I’ll be sharing some behind-the-scenes and DIY tips in future blogs. Be sure to catch these plant vignettes in the Ripley Center before exhibit closes on January 31, 2016. I and everyone at Smithsonian Gardens hope you enjoy the exhibit and take away some ideas you might be able to use in your own indoor or outdoor garden.

– Alexandra Thompson, Horticulturist, Interior Plants, Smithsonian Gardens

September 18, 2015 at 9:25 am Leave a comment

A Backyard Bouquet Inspired by the 1950s

DIY Backyard bouquet

Burpee seed annuals from the 1950s, left, were the inspiration for our DIY backyard bouquet, right. Seed annual, Archives of American Gardens, W. Atlee Burpee & Company Collection.

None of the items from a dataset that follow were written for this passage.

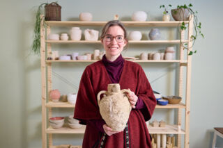 Wer sich mit Melissa Truniger unterhält, der spürt ihre grosse Leidenschaft für das Handwerk und das Material. «Einerseits ist es das Material, das sich in verschiedenen Stadien bearbeiten lässt – von nass über lederhart bis trocken. Bis zum trockenen Zustand kann der Ton sogar recycelt werden. Danach ist er sehr fragil, und erst nach dem Brennen wird er endgültig fest. Andererseits ist der Prozess sehr spannend: das Experimentieren und am Ende ein einzigartiges Objekt in den Händen zu halten.» In ihrer Arbeit verbindet sie nun die Tradition des Handwerks mit ihrem modernen künstlerischen Schaffen. So entstehen neben «klassischen» Vasen oder Tassen eben auch viele kleine und grosse Kunstwerke, wie die Konfettis oder die Amphore im Studio Olá.
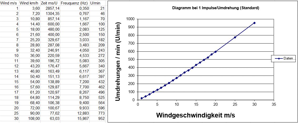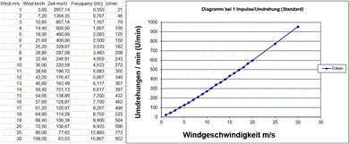 Diese Tabelle oben zeigt die Abhängigkeit der erzeugten Frequenz des Reedkontaktes bei der jeweiligen Windgeschwindigkeit. Die Grafik zeigt die Abhängigkeit U/min von der Windgeschwindigkeit.
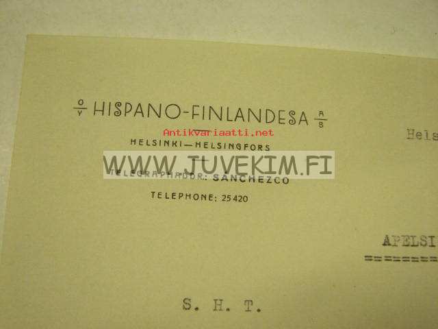 Oy Hispano-Finlandesa Ab Helsinki 24.10.1932 -asiakirja
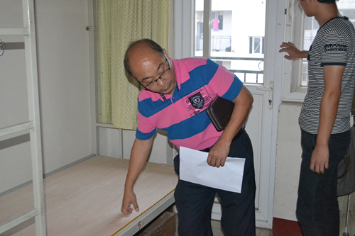 团总支学生会组织安排学生午休期间打扫新生宿舍。肖龙航带领助导对宿舍逐一检查,对于大厅、宿舍和卫生间的卫生严格要求,将宿舍阳台门窗、窗帘损坏情况上报社区。务必使宿舍窗明几净,物品摆放有序,让新生在学院宿舍能体会到家一般的温暖。
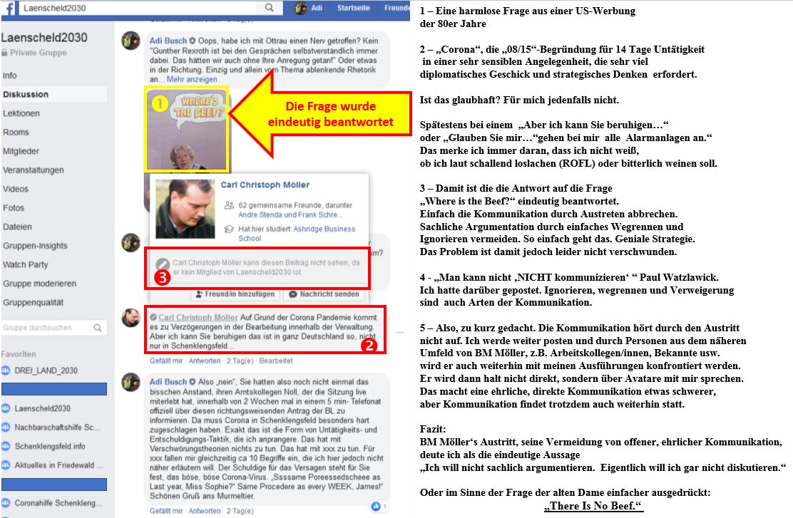 Damit sind die im "Offenen Brief" kritisierten Themen bereits bis zu 3-4 Jahren ein Dauer-Thema. Der Start dieser Erkenntnis war der 20.6.2020 in einem FB-POST auf "Laenscheld2030".
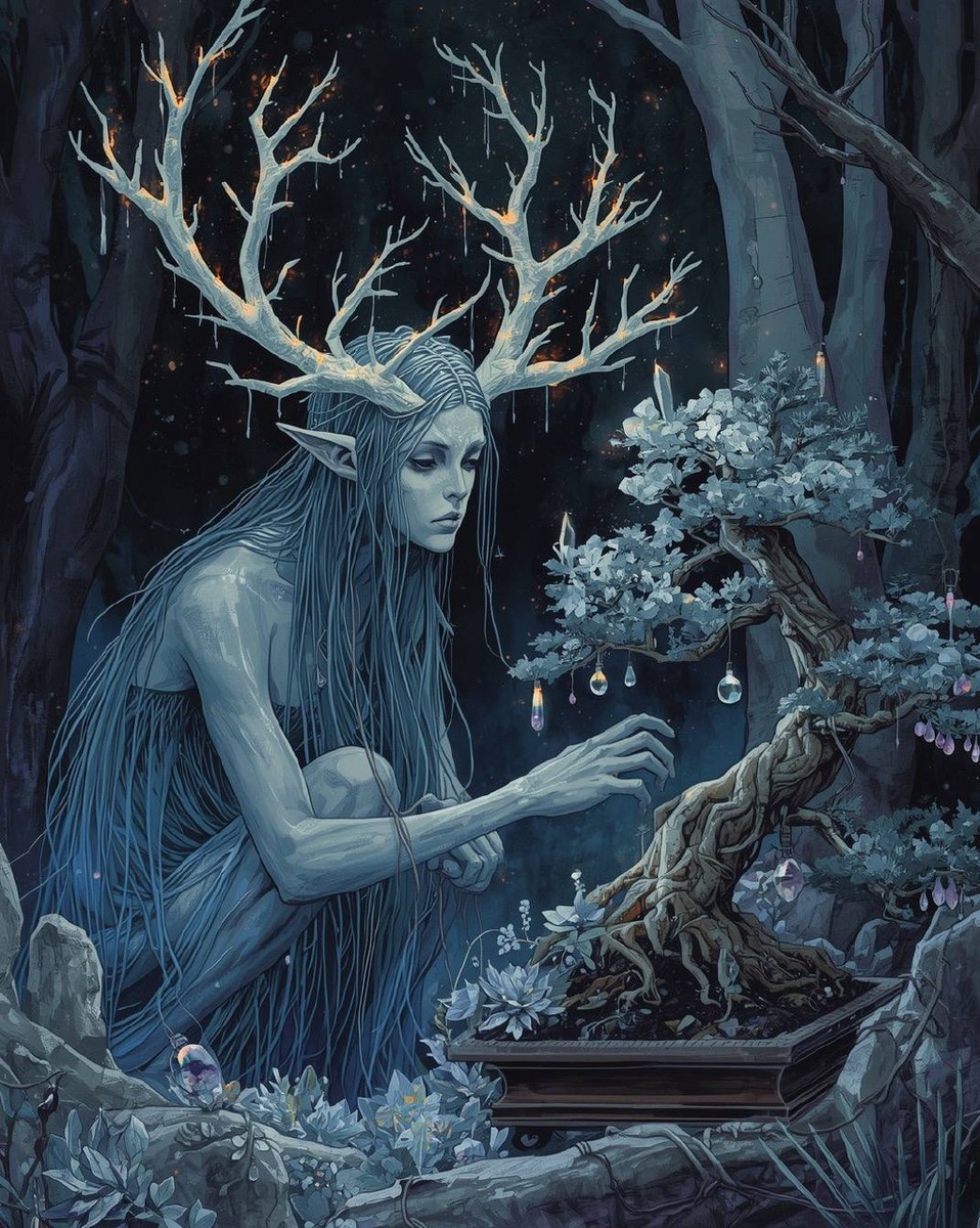 Новогоднее поздравительное письмо в стиле Джеймса Джина. Сюрреалистичная и эфемерная сцена, в которой меланхоличный лесной дух с рогами, сплетёнными из инея и нежных огоньков, ухаживает за деревом бонсай, на котором растут хрустальные украшения. Тщательная, плавная проработка линий, палитра переливающихся голубых, серебристых и глубоких фиолетовых оттенков, сочетающая классическую технику рисунка с современной фантастикой. Глубоко поэтичное и волшебное изображение. #ДжеймсДжин #НовогоднееИскусство #Сюрреализм #ФэнтезиАрт #ЭфемерноеИскусство #ЛеснойДух #Бонсай #ХрустальныеУкрашения #ИзобразительноеИскусство Промт - A New Year's postcard in the style of James Jean. A surreal and ethereal scene where a melancholic, forest spirit with antlers woven from frost and delicate fairy lights tends to a bonsai tree growing crystal ornaments. Meticulous, flowing linework, a palette of iridescent blues, silvers, and deep purples, blending classical draftsmanship with contemporary fantasy. Deeply p
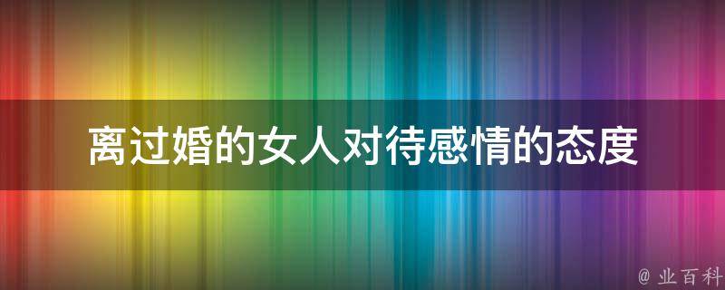 最佳答案离过婚的女人对于婚姻和爱情是抱着慎之又慎的态度,宁可错过,也不要再去受伤,不是她们胆怯了,而是她们终于明白,男人条件再好,也不如男人对自己好这一点。因此,很多离婚后的女人会变得比头婚更为慎重和谨慎。她们不会再轻易被爱情冲昏了头脑,也不会再轻易妥协委身于婚姻。

We continue our June #ThrowbackThursday theme of mid-century matrimony with a fun project that combines two of our favorite trends from the 1950s: DIY and classic backyard flowers. Melanie Pyle, Smithsonian Gardens horticulturist, shows us how to create a do-it-yourself wedding bouquet. We peeked into the special collections of the Archives of American Gardens, finding inspiration in the bright and cheery seed catalogs of the W. Atlee Burpee & Company Collection. Melanie carefully chose classically beautiful flowers reminiscent of those found growing in grandma’s backyard garden, such as snapdragons and football mums. Our new traveling exhibit Patios, Pools, & the Invention of the American Backyard explores the do-it-yourself trend, flowers, and outdoor living in the years after World War II. It opens at the Tampa Bay History Center this Saturday, June 20th.

Flowers have played an essential role in weddings throughout history as symbols of love, chastity, hope, and beauty. The practice was not truly institutionalized as a marriage custom until Queen Victoria’s wedding to Prince Albert in 1840. Victoria wore a simple headdress of orange blossom, with additional blossoms trimming her dress, which in turn became a favorite flower for Victorian and Edwardian brides. Though she was not the first bride to wear white, her wedding cemented the popular and ubiquitous tradition of wearing of white for brides in the Western world.

Of course, many brides have taken the traditional bouquet and made it their own, with unique twists. The June 22, 1942 cover of Life magazine featured a bride carrying a bouquet composed of ten-cent to five-dollar war stamps, which could be used to buy a twenty-five dollar bond. According the article on “furlough brides” the bouquet was first popularized in the Midwest and became all the rage nationwide—they sold for the cost of stamps plus the time taken to craft the bouquet or bridesmaid corsage. It was just one of the many ways wartime brides made-do and supported the war effort, from dresses with shorter hemlines that used less fabric to hurried weddings between deployments.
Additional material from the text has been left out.